I had no idea that s***fall would be censored by the TPF Bad Language Genie!


----------



## Peeb (Nov 25, 2015)

I, too, was surprised that the word s*** would be censored.

I suppose if no one gave a s*** about such things, we would be up s*** creek without a paddle.

Or s***shovel.


----------



## Derrel (Nov 25, 2015)

It's time we write in to the TPF Mod Squad and create a veritable s***storm of complaints! I mean ******nit, this is a pastoral s*** scene, from Eastern Canada! I don't give a s*** who knows it, I'm s***-faced drunk and angry as s*** about this!


----------



## nathan cox (Nov 26, 2015)

I love the shot


----------



## timor (Nov 26, 2015)

Very nice shot ! Quite magical... if not for that strange tree to the right. It grew fast, I didn't noticed it before. .  Nice conversion.
BTW, how is doing your Minolta 7000 ?


----------



## jcdeboever (Nov 26, 2015)

I like the cross on top of that pine tree but can't figure out what the h*** that post / ladder thingy is on the right.


----------



## Rick58 (Nov 26, 2015)

Hey, if you guys plowed s*** for a living, you'd definitely understand why "S***" should censored. You'd also understand why it shares the same number of letters as the other "S" word...."S***"
BTW...Love the shot Pix


----------



## snowbear (Nov 26, 2015)

Nice shot Judi; it's peaceful looking.

Isn't that why we have kids - to shovel the s***?


----------



## PixelRabbit (Nov 26, 2015)

lol!  You guys are the s*** lmao!

Ah, that weird thingy on the right lol That is an old homemade windmill the old owners made and it is slowwwwwwly tipping over from the wind, we haven't decided what we are going to do with it yet so for now it continues to slowly lay down lol
T, I've run a b&w through it but haven't developed it yet, I don't want to use any of the old films until I am sure it is lightproof


----------



## PhotoriousMe (Nov 26, 2015)

Very nice image and love the dramatic sky.  I'm in Sudbury Ontario where we only got about 4" of sn0w the other day although it's mostly gone now.

Dave


----------



## PixelRabbit (Nov 26, 2015)

Thanks Dave   Ah, I've been up in your neck of the woods quite a few times, we have family on Manitoulin.  We are not too far from Tobermory and are planning on taking the ferry to the island next summer so maybe we can cross paths when the s*** is gone lol


----------



## PhotoriousMe (Nov 26, 2015)

............and Manitoulin is a great place to snap a few shots.  Back in my film camera days I would go there in the winter for the day and just drive around looking for interesting things to shoot.

Dave


----------



## PixelRabbit (Nov 26, 2015)

It is!  The landscape up there is just.... yum!


----------



## timor (Nov 26, 2015)

PixelRabbit said:


> T, I've run a b&w through it but haven't developed it yet, I don't want to use any of the old films until I am sure it is lightproof


Smart.


----------



## FITBMX (Nov 27, 2015)

We haven't s*** on yet, but it is coming. We did get ice last night, which is as bad as s***! 

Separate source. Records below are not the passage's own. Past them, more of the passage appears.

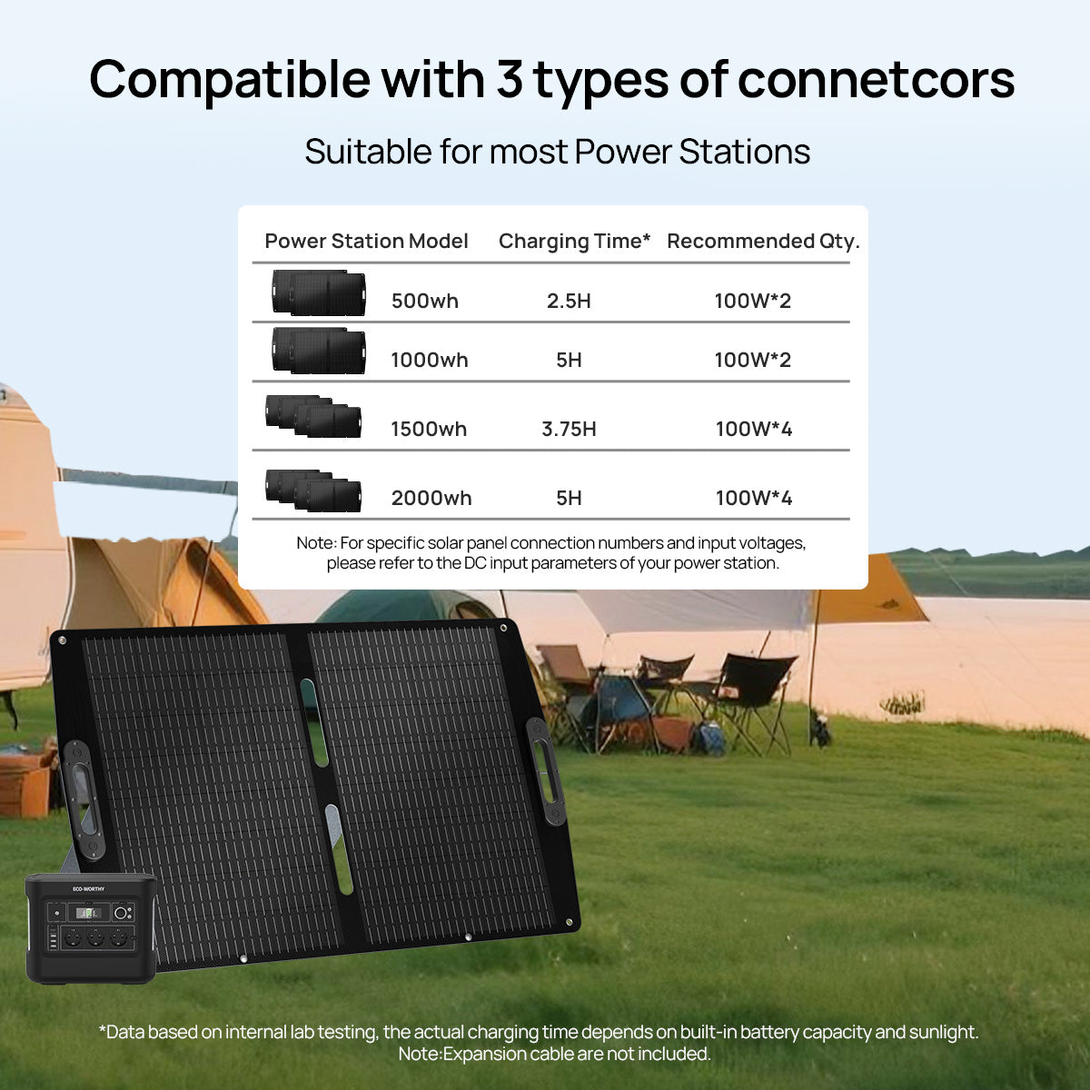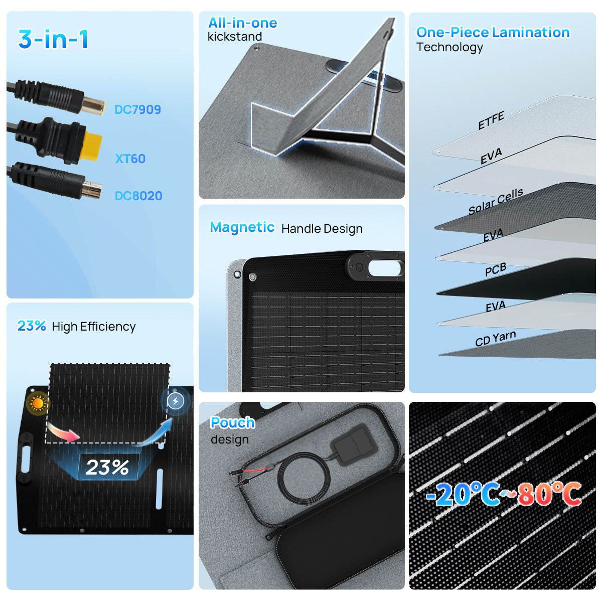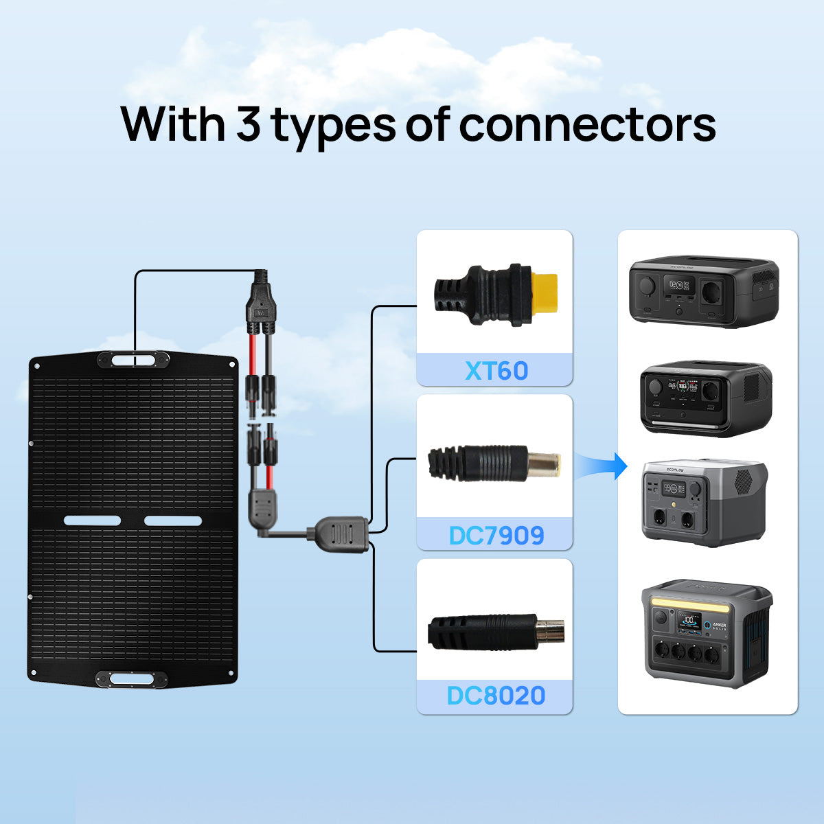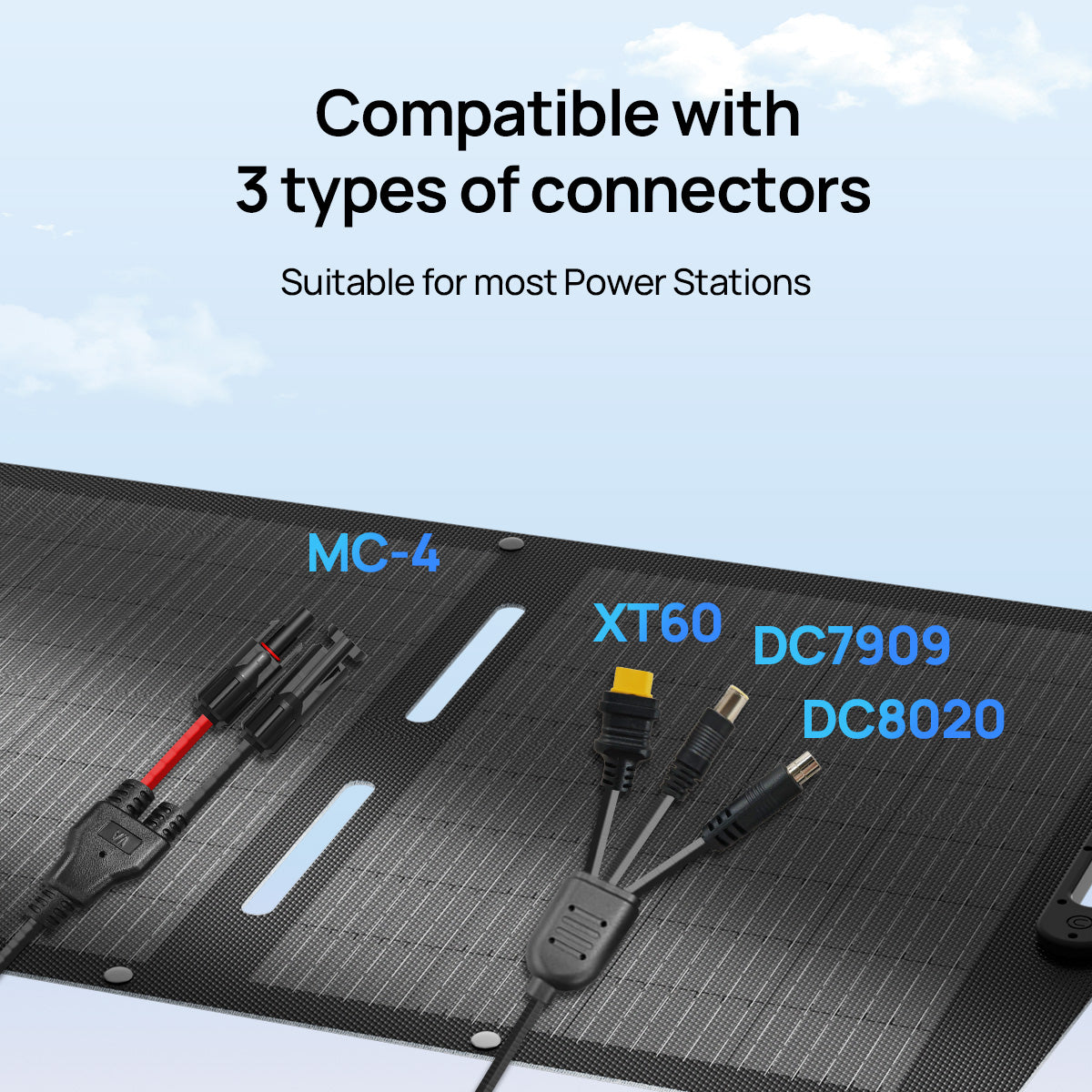 Compatible with Multiple Connectors:‌ Comes with XT60, DC8020, and DC7909 connectors to easily connect most power stations and outdoor devices.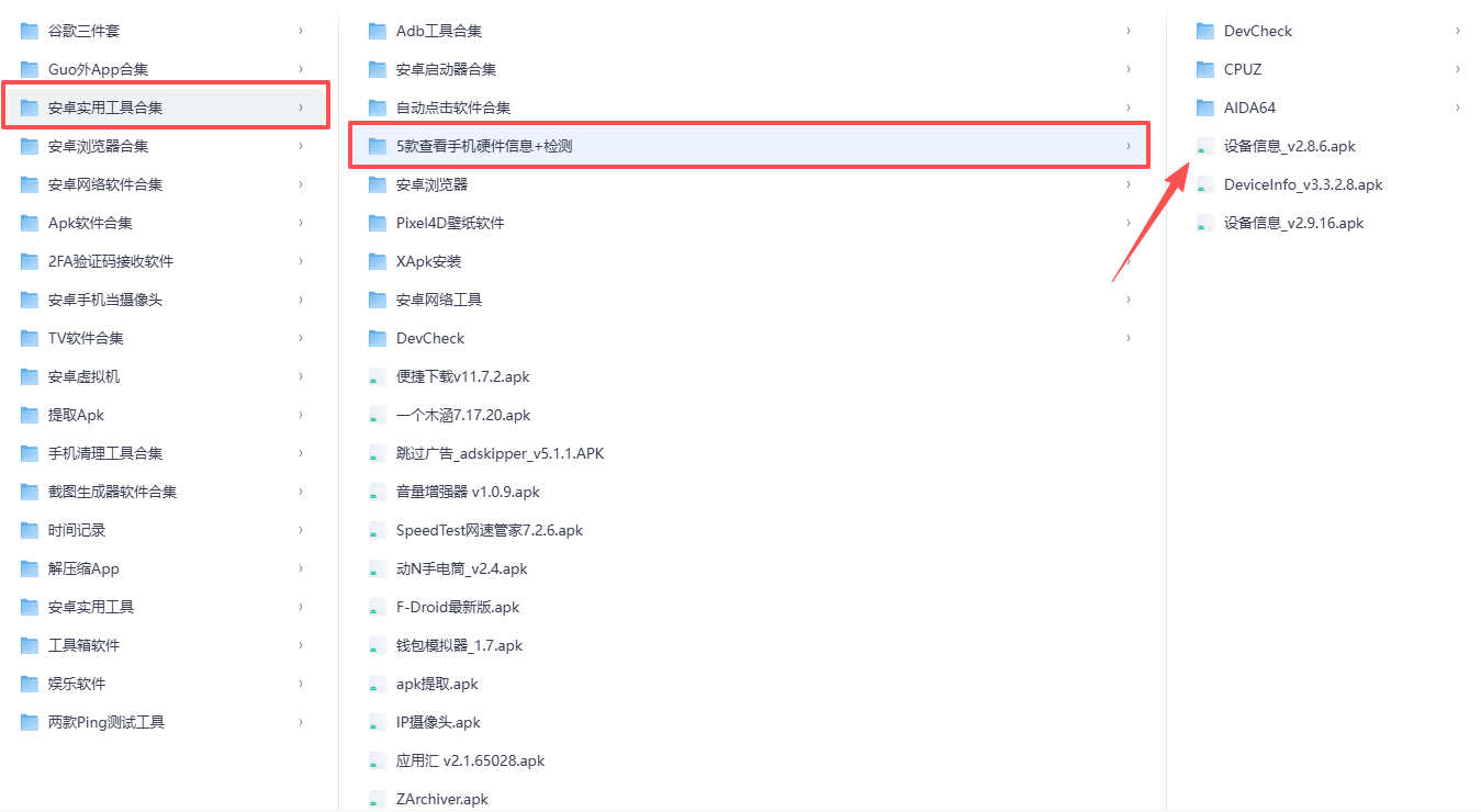所在文件路径「Android软件合集」>「Android实用工具合集」>「5款查看手机硬件信息+检测」。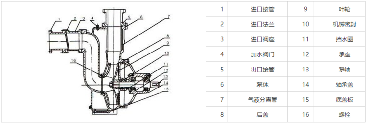 ZW型自吸排污泵主要由泵體, 葉輪、后蓋、機(jī)械密封、泵軸、軸承座、進(jìn)口閥、氣液分離管、加水閥門、進(jìn)、排接管等組成。泵的結(jié)構(gòu)見圖。 泵的工作原理:泵體內(nèi)設(shè)有儲液腔,并通過上方的回流孔和下方的循環(huán)孔與泵工作腔相通,構(gòu)成泵的軸向加流外混式系統(tǒng)。泵停止工作后,泵內(nèi)腔已儲有一定容積的液體。當(dāng)泵起動時,有關(guān)當(dāng)局內(nèi)的儲液在葉輪的作用下,夾帶著空氣被向上拋出,液體通過氣液分離管的網(wǎng)格回流到工作腔,氣體被排出泵外,使泵內(nèi)形成一定的真空度,達(dá)到自吸的作用。  自吸排污泵結(jié)構(gòu)圖:
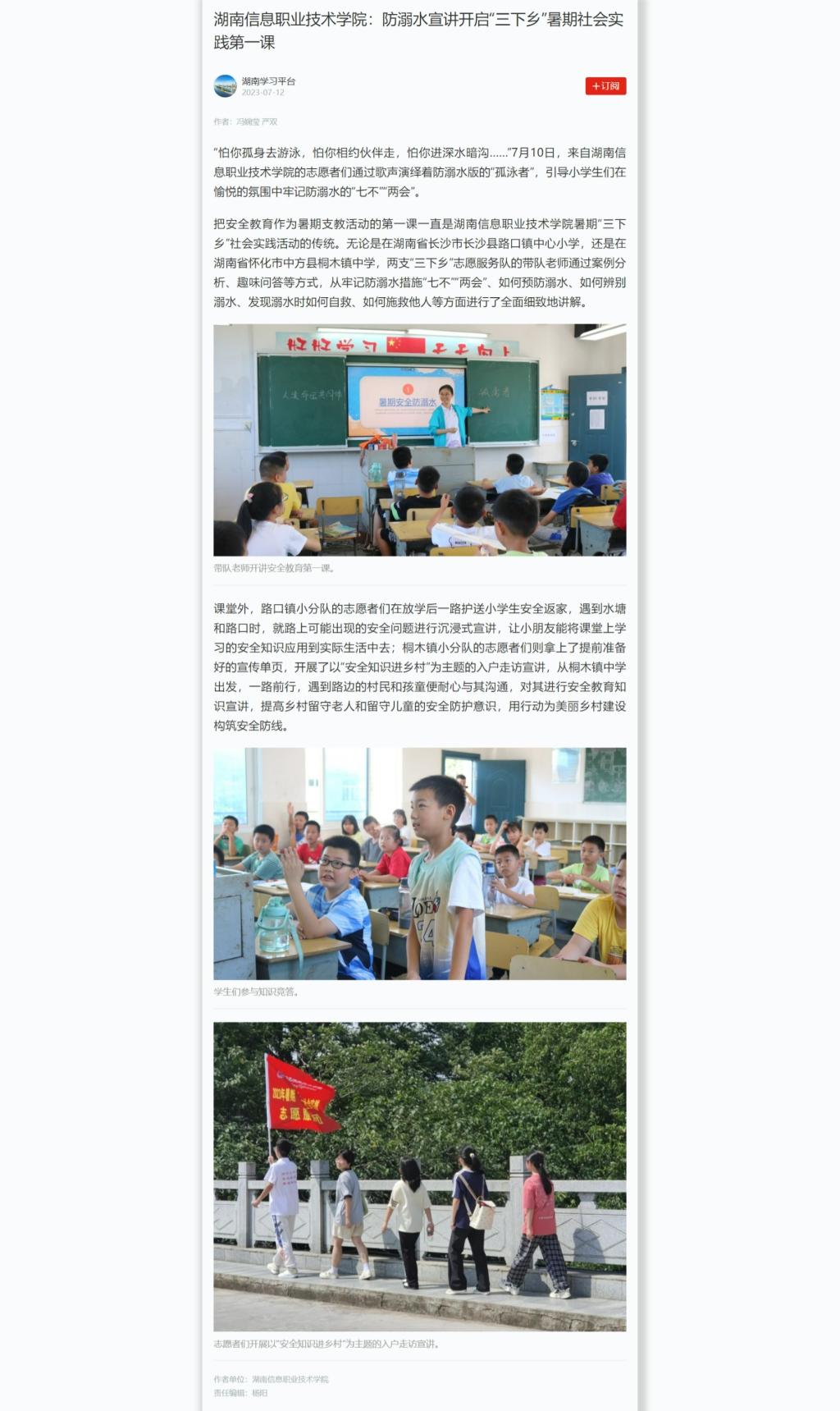 7月12日,学习强国发布《beat365英国官方网站:防溺水宣讲开启“三下乡”暑期社会实践第一课》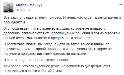 Андрей Манчук, журналист: "Все-таки, оправдательный приговор Ильчевского суда является важным прецедентом. Это показывает, что в стране есть судьи, которые не поддаются давлению, отказываются от неправосудных решений и прямо говорят о полной несостоятельности и предвзятости обвинения. В результате, власть вынуждена идти на такое явное и циничное нарушение элементарной законности и прав человека, которое не получится прикрыть никакими фиговыми листками. И за это придется нести ответственность. Тем более, что это судебное решение полностью дискредитирует официозную версию событий 2 мая".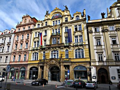 Das Gebäude wurde 1901 von Architekt Osvald Polívka als Finanzinstitution errichtet und prägt seitdem das Straßenbild der Prager Altstadt. Es entstand in einer Zeit großer Bauentwicklung und architektonischer Neuerungen in Prag.
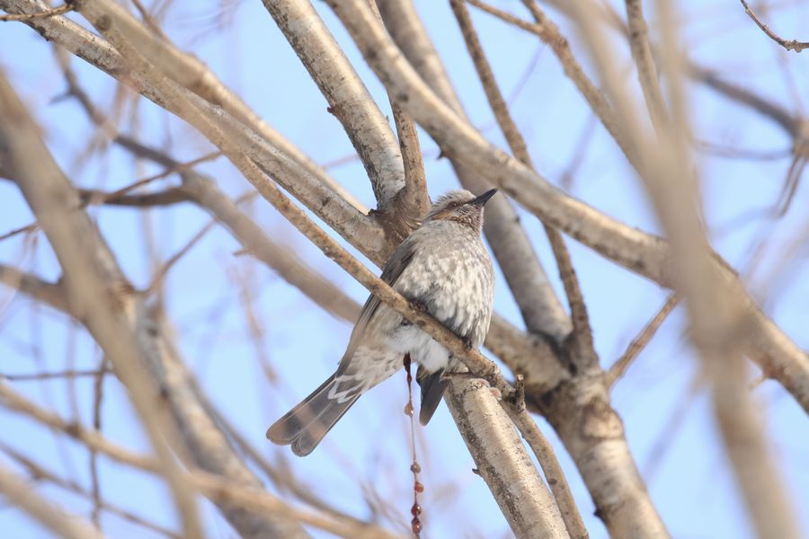 2月23日のスノーシュー観察会の際には、レストハウス近くの八重桜並木の辺りにあるヌルデの木の実を食べに来ていた1羽を15mくらいの近さで見ることができました。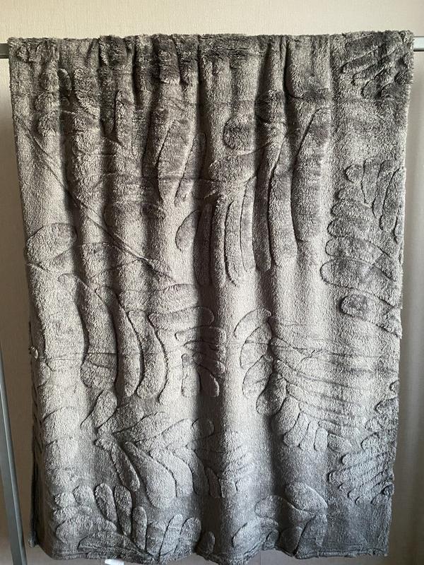 Плед Koloco з об'ємним візерунком «Листя» Цей стильний та затишний плед від бренду Koloco поєднує в собі неймовірну м'якість та сучасний дизайн. Головною особливістю моделі є тиснений 3D-малюнок у вигляді великого тропічного листя, що додає текстилю фактурності та візуальної глибини. Основні характеристики: * Склад: 100% поліестер (мікрофібра/штучне хутро). Матеріал дуже приємний на дотик, нагадує густе м'яке хутро, чудово зберігає тепло і не викликає подразнень. * Розмір: 220x240 см (Євро-розмір). Ідеально підходить як для великого ліжка, так і для використання як затишне покривало на диван. * Текстура: Плед має двосторонню фактуру — з одного боку об'ємний ворс із візерунком, з іншого — рівномірна м'яка основа. Догляд за виробом (згідно з маркуванням): Щоб плед залишався м'яким і не втрачав вигляд, варто дотримуватися цих правил: * Прання: При низькій температурі (до 30°C). * Сушіння: Тільки природним шляхом у підвішеному стані (не використовувати сушильну машину). * Прасування: Категорично заборонено (висока температура пошкодить синтетичні волокна). * Відбілювання: Заборонено. * Хімчистка: Дозволена звичайна чистка. Колірна гама (на фото): На зображеннях представлені три універсальні відтінки, які легко впишуться в будь-який інтер'єр: * Ніжно-рожевий (Пудра): додає романтичності та світла кімнаті. * Класичний сірий: практичний і стильний варіант для мінімалістичних інтер'єрів. * Оливковий / Фісташковий: спокійний природний колір для створення затишної атмосфери. Цей плед стане чудовим подарунком або ідеальним доповненням до вашого домашнього комфорту, особливо в холодну пору року.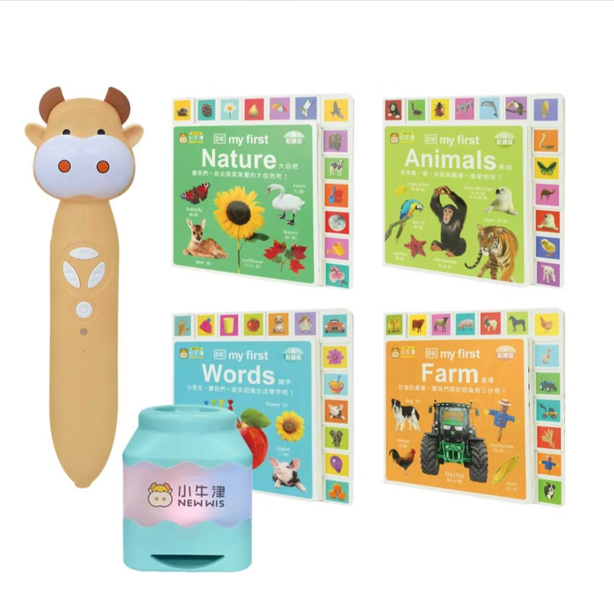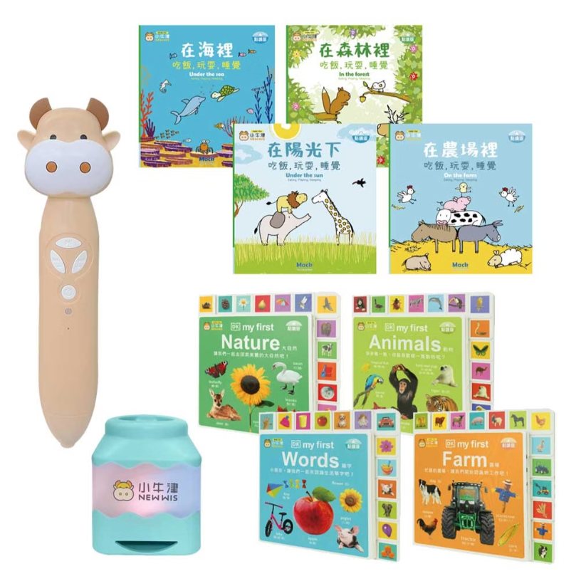 鉑金版64G奶茶牛點讀筆/音樂充電筆座典藏版+DK-my first系列-共4冊(動物/農場/大自然/識字)中英點讀

Great s*** photo! Is that your gothic High tunnel/greenhouse?


----------



## Jasii (Nov 28, 2015)

Plenty of drama in the sky and complements the pic overall.
Nice shot, Liked it a lot.
TFS


----------



## PixelRabbit (Nov 28, 2015)

Thanks you two  
Lol Gallagher, it's a minimalist greenhouse  lol


----------



## FITBMX (Nov 28, 2015)

PixelRabbit said:


> Thanks you two
> Lol Gallagher, it's a minimalist greenhouse  lol


It is a really nice looking frame, you should get some film (plastic) for it.


----------



## PixelRabbit (Nov 28, 2015)

Ah, there is a second greenhouse that is hidden by the roof, you can juuuuuust see the corner of it, it is the same size etc.. as that one but is covered, the frame that isn't covered is going to be moved and covered next year and used as a "shop" for the tractor/atv/skidoo etc...


----------



## FITBMX (Nov 28, 2015)

PixelRabbit said:


> Ah, there is a second greenhouse that is hidden by the roof, you can juuuuuust see the corner of it, it is the same size etc.. as that one but is covered, the frame that isn't covered is going to be moved and covered next year and *used as a "shop" for the tractor/atv/skidoo etc...*





Sorry I have a strange attachment the greenhouses.


----------



## PixelRabbit (Nov 30, 2015)

lol, we love the greenhouse but two is a bit overkill for us   It's ok though, I have a strange thing for power lines and hydro towers so I tooootally understand lol


----------



## FITBMX (Nov 30, 2015)

PixelRabbit said:


> lol, we love the greenhouse but two is a bit overkill for us   It's ok though, I have a strange thing for power lines and hydro towers so I tooootally understand lol



I love plants of any kind. My goal is to have my own "jungle building" like the zoos have!


----------



## pgriz (Dec 17, 2015)

So far, we haven't had any s*** that stayed longer than 5 minutes, and as a result the neighbourhood dog walkers have had to pick up their S*** as it is as obvious as h*** without the S*** covering it.  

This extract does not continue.